Sparse Training of Discrete Diffusion Models for Graph Generation

Yiming Qin,Clement Vignac,Pascal Frossard
2024-05-23
Abstract:Generative graph models struggle to scale due to the need to predict the existence or type of edges between all node pairs. To address the resulting quadratic complexity, existing scalable models often impose restrictive assumptions such as a cluster structure within graphs, thus limiting their applicability. To address this, we introduce SparseDiff, a novel diffusion model based on the observation that almost all large graphs are sparse. By selecting a subset of edges, SparseDiff effectively leverages sparse graph representations both during the noising process and within the denoising network, which ensures that space complexity scales linearly with the number of chosen edges. During inference, SparseDiff progressively fills the adjacency matrix with the selected subsets of edges, mirroring the training process. Our model demonstrates state-of-the-art performance across multiple metrics on both small and large datasets, confirming its effectiveness and robustness across varying graph sizes. It also ensures faster convergence, particularly on larger graphs, achieving a fourfold speedup on the large Ego dataset compared to dense models, thereby paving the way for broader applications.
Machine Learning,Artificial Intelligence
What problem does this paper attempt to address?
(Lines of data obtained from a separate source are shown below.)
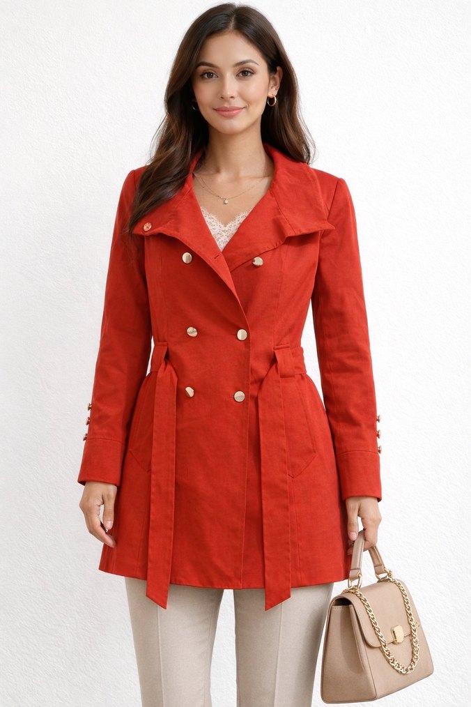 Rengi fotoğraftakinden açık nar çiçeği diye geçiyor böyle ciyak değil midi trençkot, düğmeli ve kesimli yakaya sahip. Uzun kollu, ve desen içermeyen kumaşıyla günlük kullanıma uygundur. M beden uyumlu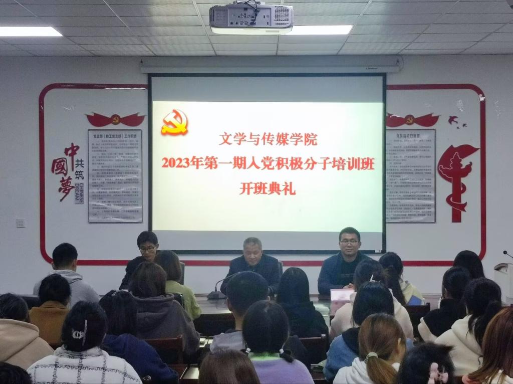 2023年4月24日,文学与传媒学院2023年第一期入党积极分子培训班开班典礼在博物楼第一楼会议室举行,院党委书记许思友、党委副书记刘德群、组织员董万红和此次接受培训的93名入党积极分子参加了开班典礼。开班典礼由刘德群主持。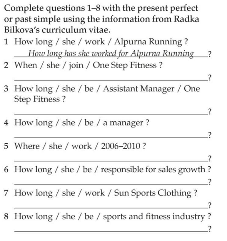 Present Perfect: has / have + глагол 3 формы (1, 3, 4, 6, 7, 8)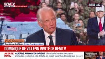 Dominique de Villepin, ancien Premier ministre, était l'invité de Guillaume Daret, dans "BFM Politique", sur BFMTV. Il est revenu sur la guerre au Moyen-Orient.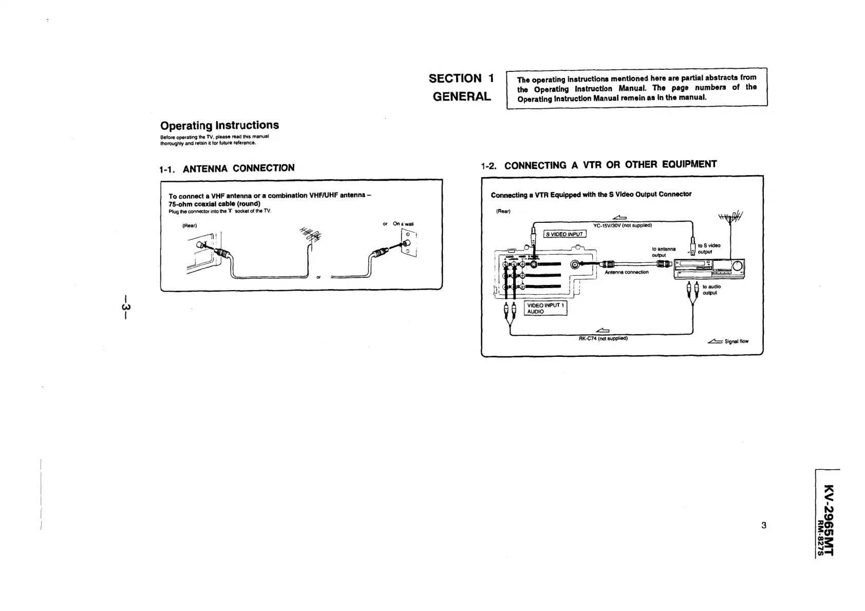 Sony TRINITRON KV-2565MT - General Information; Operating Instructions Overview; Antenna Connection; Connecting VTR and Other Equipment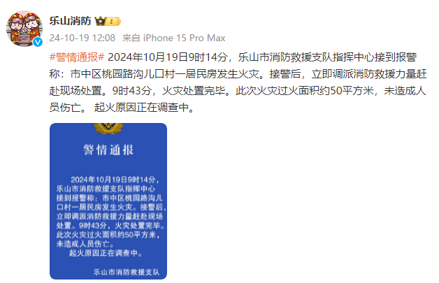 2024年10月19日9时14分,乐山市消防救援支队指挥中心接到报警称:市中区桃园路沟儿口村一居民房发生火灾。接警后,立即调派消防救援力量赶赴现场处置。9时43分,火灾处置完毕。此次火灾过火面积约50平方米,未造成人员伤亡。起火原因正在调查中。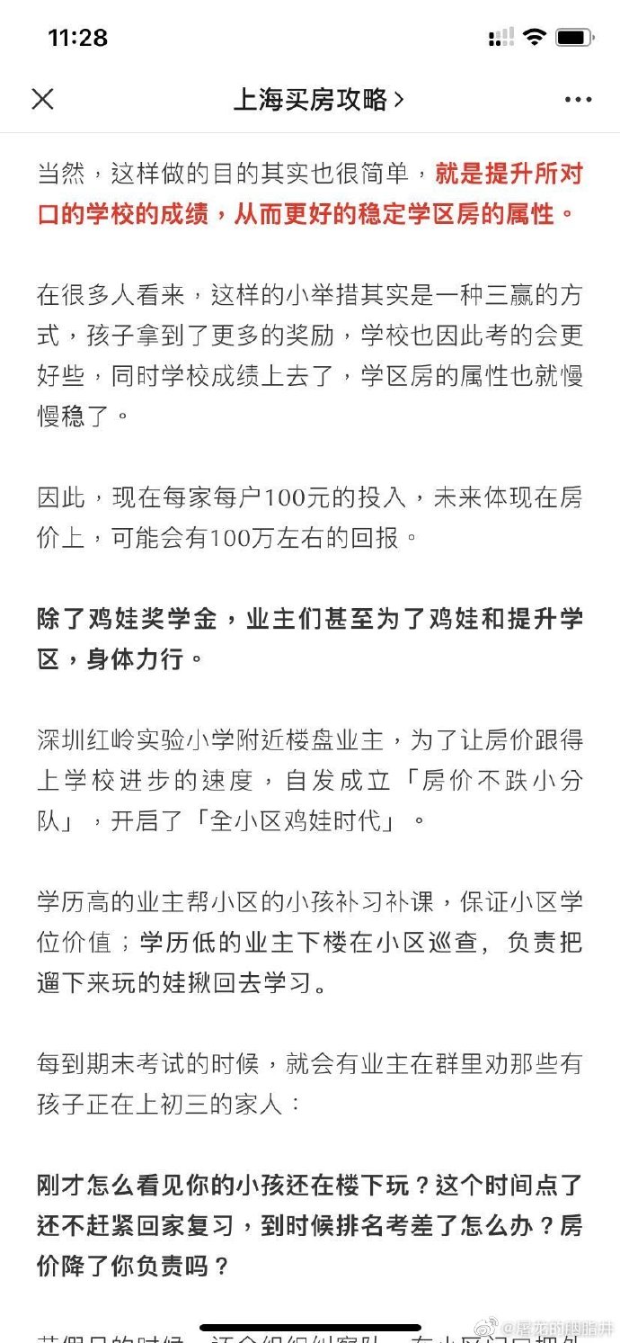 @屠龙的胭脂井:不能我一个人笑死[允悲][允悲][笑cry]。群里看来的,现在学区房社区,业主们都搞了“小分队”,学历高的给全小区孩子补课,学历低的去楼下巡查,谁家孩子还在玩[允悲][笑cry]。。。。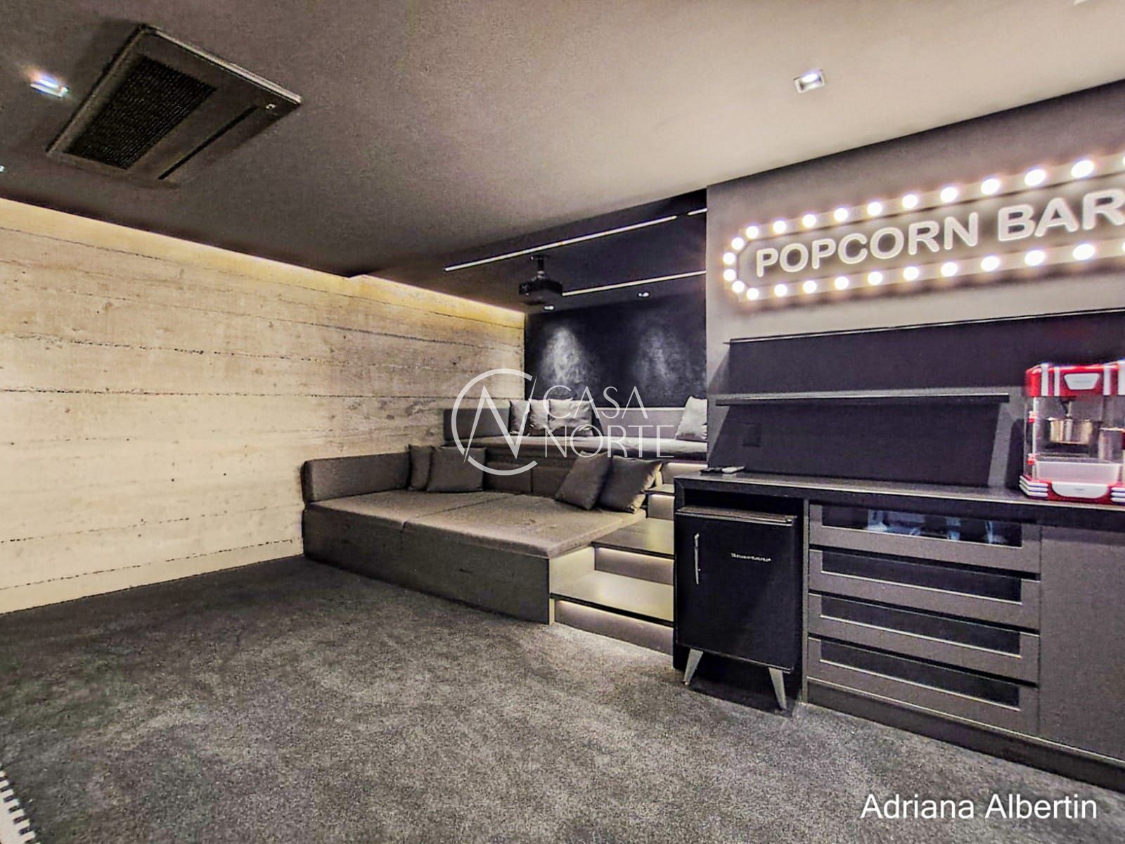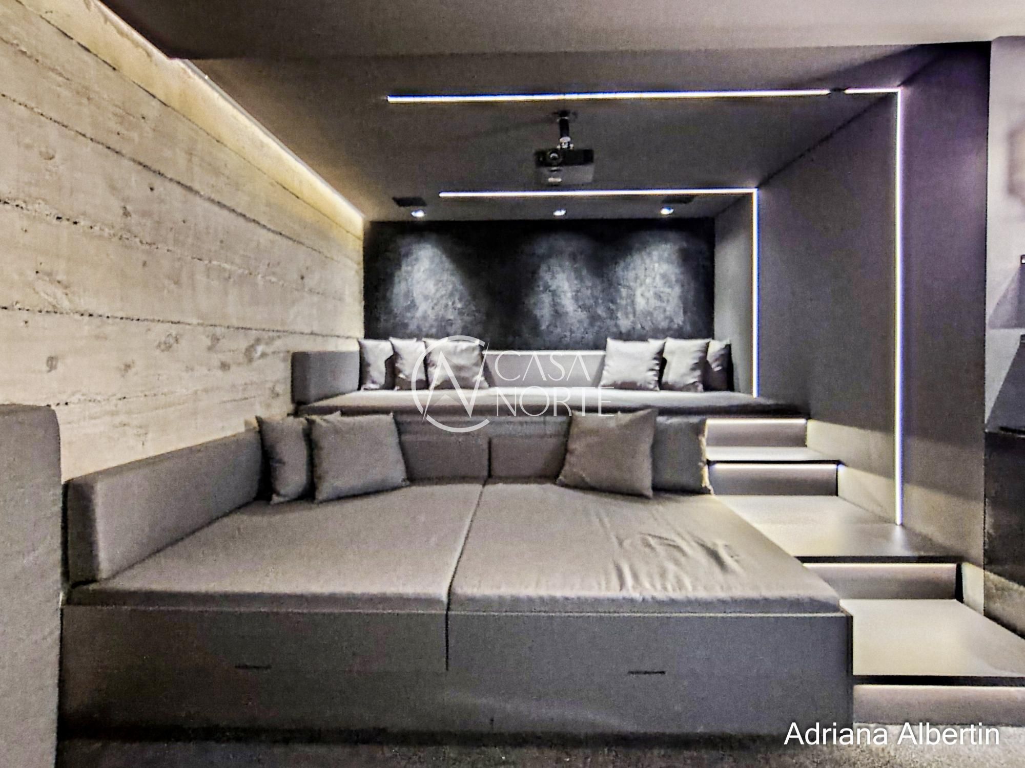 No pavimento inferior, a casa revela um diferencial raro: um verdadeiro espaço de entretenimento. Ali você encontra sala de jogos, cinema e mais um espaço gourmet, ideal para recepções maiores ou momentos de lazer sem interferir na área íntima da casa.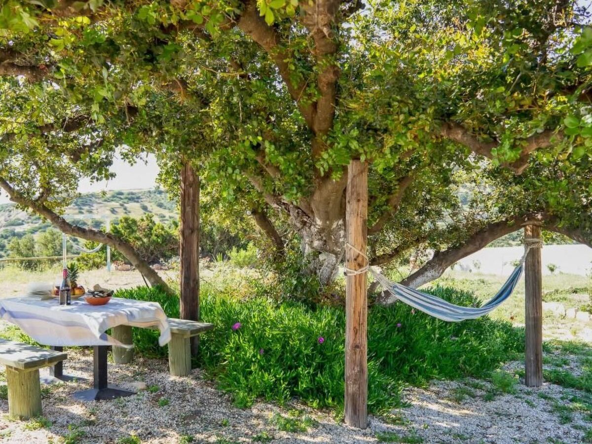Our house is located within a big garden, on the top of the hill, with unlimited views to the mountain and to the sea (it oversees two beaches, the Big and the Little Triopetra).

The problem that this paper attempts to solve is that in generative graph models, since it is necessary to predict the existence or type of edges between all pairs of nodes, the computational complexity grows quadratically, which limits the application of the model on large - scale graphs. Existing scalable models usually reduce the complexity by introducing restrictive assumptions such as clustering structures in the graph, but this limits their scope of application. To overcome these problems, the paper proposes SparseDiff, a new method based on discrete diffusion models. By exploiting the sparsity of the graph, it effectively reduces the spatial complexity, making it grow linearly with the number of selected edges. SparseDiff not only performs well on multiple metrics, but also has a faster convergence speed when dealing with large - scale graphs. Especially on large - scale datasets, such as the Ego dataset, it achieves a four - fold speed improvement compared to dense models. This paves the way for a wider range of applications.